Latest Commerce API release adds support for on-site payments

Celebrating a new release

Our Drupal contributions and client engagements this year have let us continue to expand JSON:API support in Drupal Commerce. We released the first alpha version of the Commerce API module earlier this year and have been constantly working on it since then, resulting in the module's 1.0-beta4 release last week.

What's new in the latest release?

One feature that has been heavily requested is the ability to use on-site payment gateways like Braintree or Stripe in a decoupled context, and guess what? This is now possible since the latest release! Furthermore, "manual" payment gateways (i.e "offline" payments such as cash on delivery...) are now also fully supported.

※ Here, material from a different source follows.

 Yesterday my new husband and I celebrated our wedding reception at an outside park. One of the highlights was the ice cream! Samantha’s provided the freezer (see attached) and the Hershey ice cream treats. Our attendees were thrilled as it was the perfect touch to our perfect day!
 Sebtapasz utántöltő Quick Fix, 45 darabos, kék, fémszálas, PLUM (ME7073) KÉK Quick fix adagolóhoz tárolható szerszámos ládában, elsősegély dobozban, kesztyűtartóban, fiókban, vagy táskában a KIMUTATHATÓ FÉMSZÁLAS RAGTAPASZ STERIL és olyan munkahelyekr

Great! But... how does this work?

The frontend application is responsible for collecting (usually through a gateway's JS library) and submitting a "payment_instrument" to the backend. The payment instrument instructs the Drupal Commerce backend how to process a customer's payment through the specified payment gateway.

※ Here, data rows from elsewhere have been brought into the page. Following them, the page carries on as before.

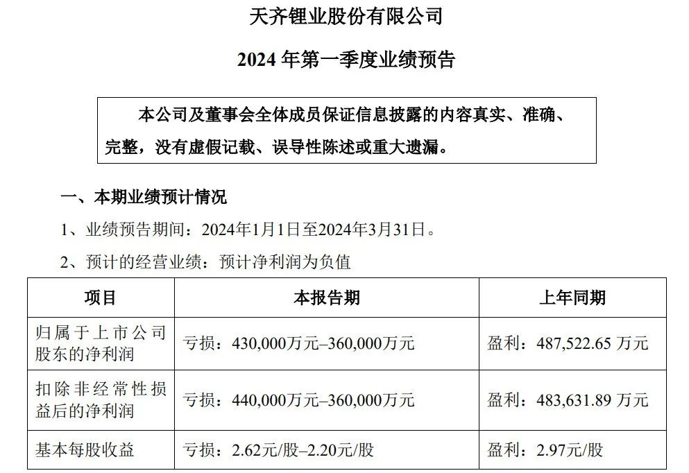 2024年4月23日晚间,天齐锂业发布2024一季度业绩预告,预计亏损36亿元-43亿元。天齐锂业亏损的消息瞬间冲上投资圈的热搜,亏损都见过但像天齐锂业这样亏损的确实罕见。须知2023年公司的归母净利为73亿元,这相当于仅今年一季度的亏损,就将吞噬掉去年全年一半的净利润。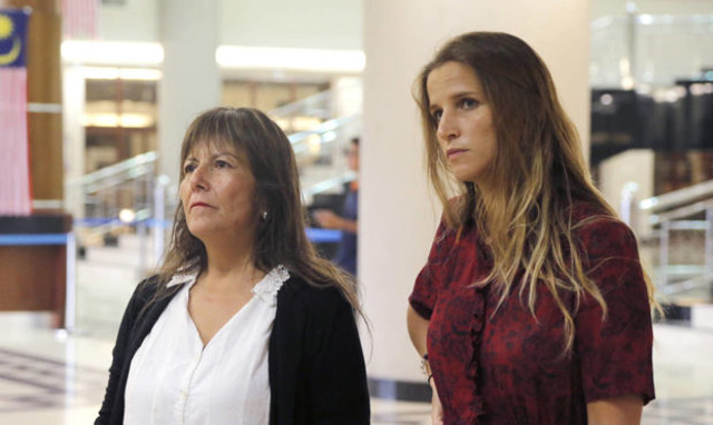 Fernando Candia's mother, left, and Felipe Osiadacz's girlfriend arrives at Kuala Lumpur High Court in Kuala Lumpur, Malaysia. (AP)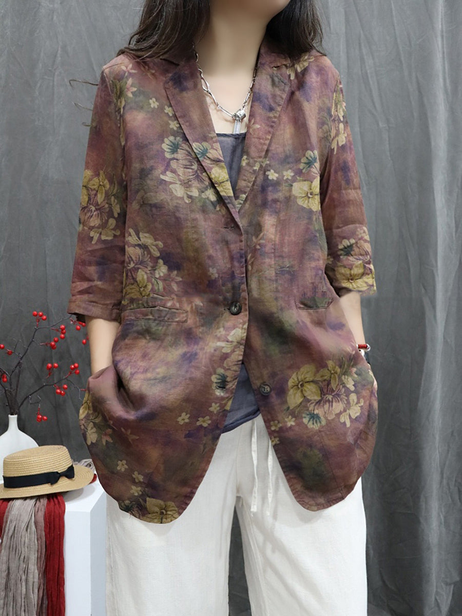 Women Spring Flower 100%Ramie Turn-down Collar Coat

This payload for Braintree demonstrates the payment instrument format:

{
   "payment_instrument":{
      "payment_gateway_id":"braintree",
      "payment_method_type":"credit_card",
      "payment_details":{
         "card_type":"Visa",
         "payment_method_nonce":"xxxxxxxxxx",
         "last2" => 18,
      }
   }

Note that the expected "payment_details" differs for each payment gateway.

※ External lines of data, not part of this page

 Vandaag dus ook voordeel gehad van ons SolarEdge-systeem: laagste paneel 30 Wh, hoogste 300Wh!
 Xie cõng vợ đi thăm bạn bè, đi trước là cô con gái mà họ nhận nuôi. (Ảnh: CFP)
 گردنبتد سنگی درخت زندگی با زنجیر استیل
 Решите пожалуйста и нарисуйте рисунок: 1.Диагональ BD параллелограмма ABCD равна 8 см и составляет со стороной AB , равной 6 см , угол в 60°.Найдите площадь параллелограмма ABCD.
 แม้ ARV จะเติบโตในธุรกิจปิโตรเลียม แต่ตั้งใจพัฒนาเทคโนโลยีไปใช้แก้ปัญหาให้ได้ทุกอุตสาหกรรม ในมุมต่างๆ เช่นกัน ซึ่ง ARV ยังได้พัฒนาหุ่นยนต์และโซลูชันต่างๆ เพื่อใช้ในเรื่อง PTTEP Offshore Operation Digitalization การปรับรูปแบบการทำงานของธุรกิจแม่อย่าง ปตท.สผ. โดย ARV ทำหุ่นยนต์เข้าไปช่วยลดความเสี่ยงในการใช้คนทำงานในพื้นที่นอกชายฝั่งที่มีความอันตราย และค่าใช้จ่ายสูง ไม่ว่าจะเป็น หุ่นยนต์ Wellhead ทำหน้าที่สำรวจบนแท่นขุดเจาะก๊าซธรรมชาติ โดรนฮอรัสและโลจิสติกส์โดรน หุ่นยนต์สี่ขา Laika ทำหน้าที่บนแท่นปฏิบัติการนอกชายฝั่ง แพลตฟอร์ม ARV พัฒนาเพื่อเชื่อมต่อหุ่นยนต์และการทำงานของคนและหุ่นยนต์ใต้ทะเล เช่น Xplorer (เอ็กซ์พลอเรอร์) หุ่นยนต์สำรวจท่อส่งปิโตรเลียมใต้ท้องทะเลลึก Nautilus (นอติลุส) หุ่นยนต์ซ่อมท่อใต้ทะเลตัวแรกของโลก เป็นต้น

The "payment_instrument" is submitted by performing a "PATCH" request to the /jsonapi/checkout/{commerce_order} resource.

Once the payment instrument is collected and the customer is ready to pay, a "POST" request must be made to the /jsonapi/checkout/{commerce_order}/payment resource to authorize or capture the payment.

What's next in our roadmap?

Although Commerce API is in beta, we still consider it "production ready" as we're already using it on several projects! However, we can't assert yet that it's completely "battle tested" and expect we may fix minor bugs and / or make minor improvements to the module down the road.

If you're working on decoupled Drupal Commerce sites, give it a try and let us know how we can make it even better. Install Commerce API like any other Drupal module (i.e. via Composer) and learn more about its features in the documentation.

If you just want to try a demo, we do maintain a blazing fast React demo:

https://react.demo.centarro.io/

The code powering that demo is now publicly available on Github.